Рамоне дель Торо удалось создать попечительский совет. После того, что натворил ее предшественник, паразитируя на человеческих чувствах, было это совсем не просто. Но на помощь снова пришел Габриэль Кайо. С его легкой руки в совете, один за другим, оказались мудрые и влиятельные люди, готовые не только сочувствовать, но и ощутимо поддержать. Что было исключительно важно, ибо бюджет, выделяемый казной, оставался весьма скромным, позволяя закрывать лишь самое необходимое.
Перемены коснулись всего. Вместо однотонной бурды из злаков с тертой морковью, необъятная, вечно смеющаяся Лусия Ортега, принесла с собой звон кастрюль и сковородок. Запахи, от которых начинало сосать под ложечкой не только у соседей клерков из Управления земельных дел и клиентов цирюльни, но и у случайных прохожих. Готовила она божественно, и что не менее важно – умела сочетать и разнообразить. От мадурос – сладких жареных бананов – до рагу из бычьего хвоста и флангов с подливами, которые дети вылизывали до глянца. Однажды Рамона даже попросила ее уменьшить порции. Синюшность лиц прошла, суставы спрятались. Дети начали бродить, как сонные мухи. Дальше нужно было двигаться спокойно и размеренно.

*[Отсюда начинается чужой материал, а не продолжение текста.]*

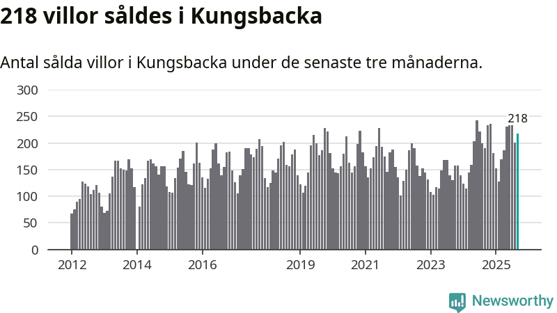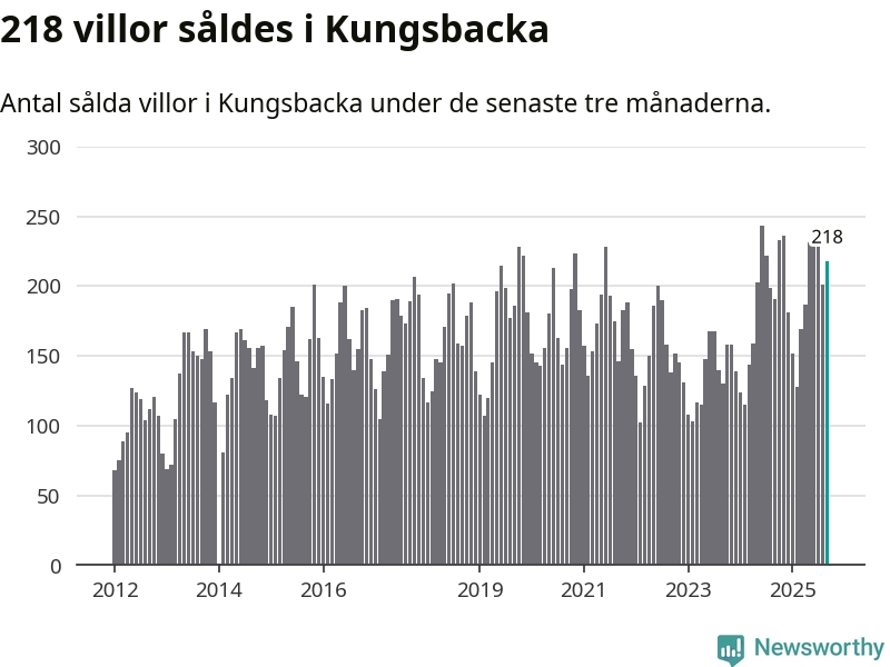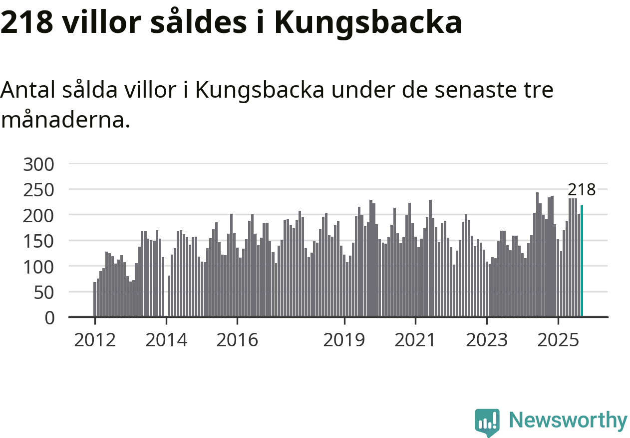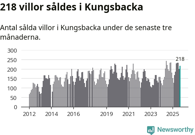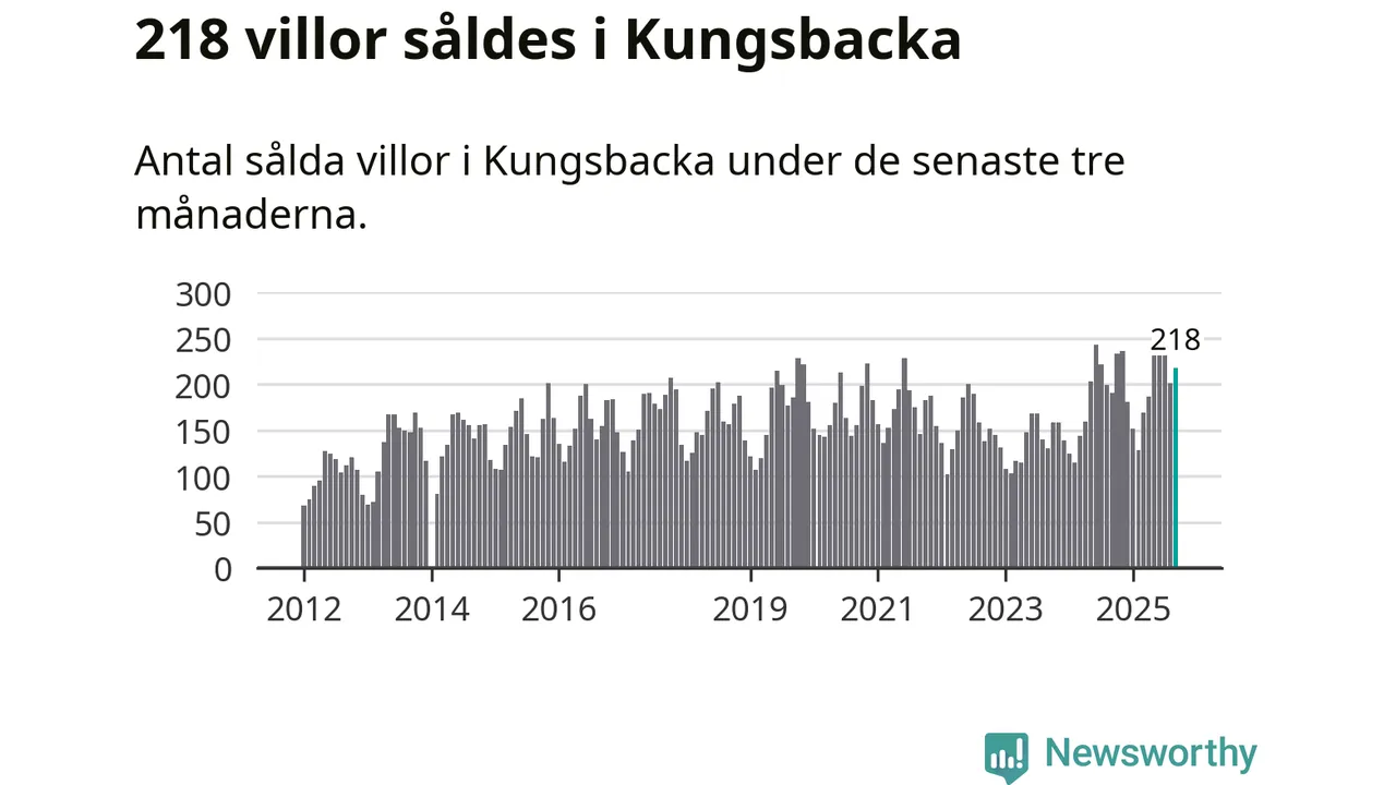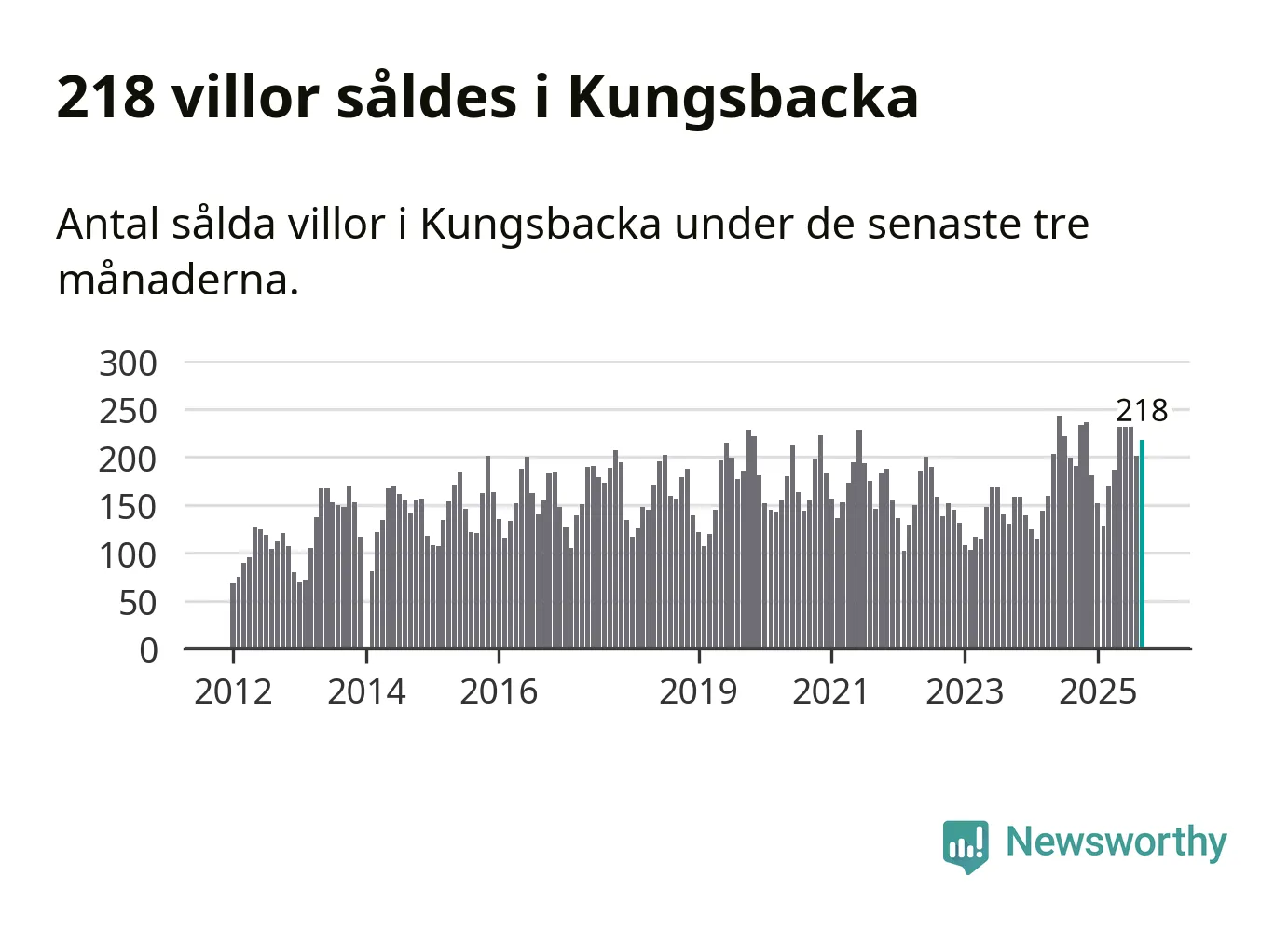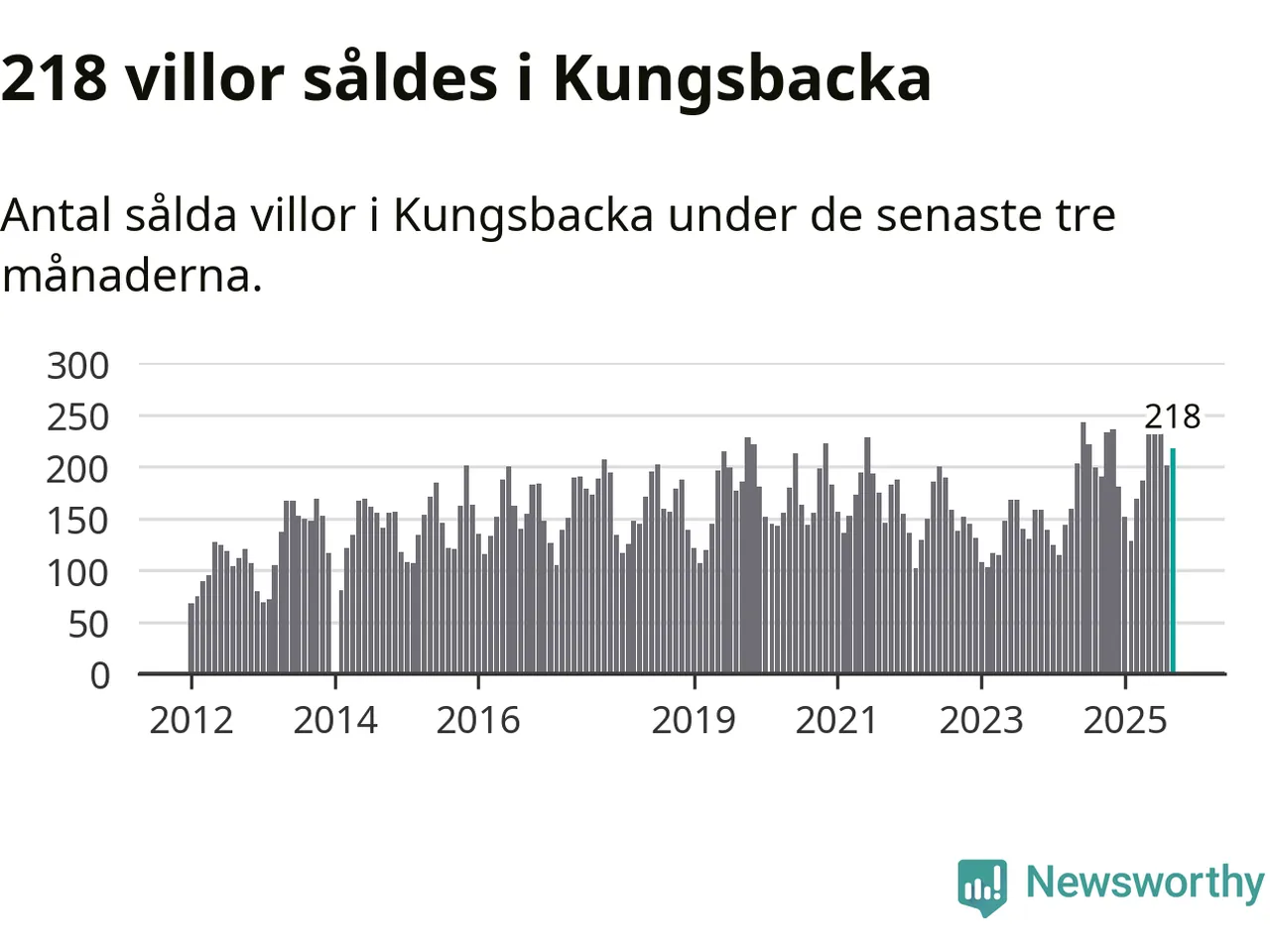 Sammanlagt såldes 218 villor i Kungsbacka kommun mellan juli och september till ett genomsnittligt pris på 5,7 miljoner kronor. I fjol gjordes 191 affärer vid den här tiden på året.

Внутренний двор приюта, который раньше напоминал пустынный кастильский пейзаж , обрамленный редкой порослью самшита, претерпел невиданные метаморфозы. Старик Эрнесто, всю жизнь проработавший в имении у графа Вальдеса, и ушедший на покой по возрасту, был рад применить свои знания и оставшиеся силы в камерном пространстве. Он работал не покладая рук. Земля была сухой. Бог знает, сколько тачек с жирной почвой ему пришлось привезти и мульчировать, прежде чем вокруг дававшего целительную тень и прохладу столетнего платана зазеленел сочный, английского типа, газон. По всему периметру он разбил цветники, клумбы и альпинарии. Сохранив при этом место для игр и прогулок. Древняя, покосившаяся беседка в ближнем углу была отремонтирована, перекрыта черепицей и заново покрашена. Появились не виданные прежде птицы. Ранним утром и глубокой ночью сад наполнялся благоуханием цветов. Эрнесто подбирал их не столько за броский вид, сколько за обладание особым, неповторимым ароматом. В этом неземном изобилии бабочки, прекратив порхать, надолго задумывались ,смежив крылья, а жадные пчелы теряли разум.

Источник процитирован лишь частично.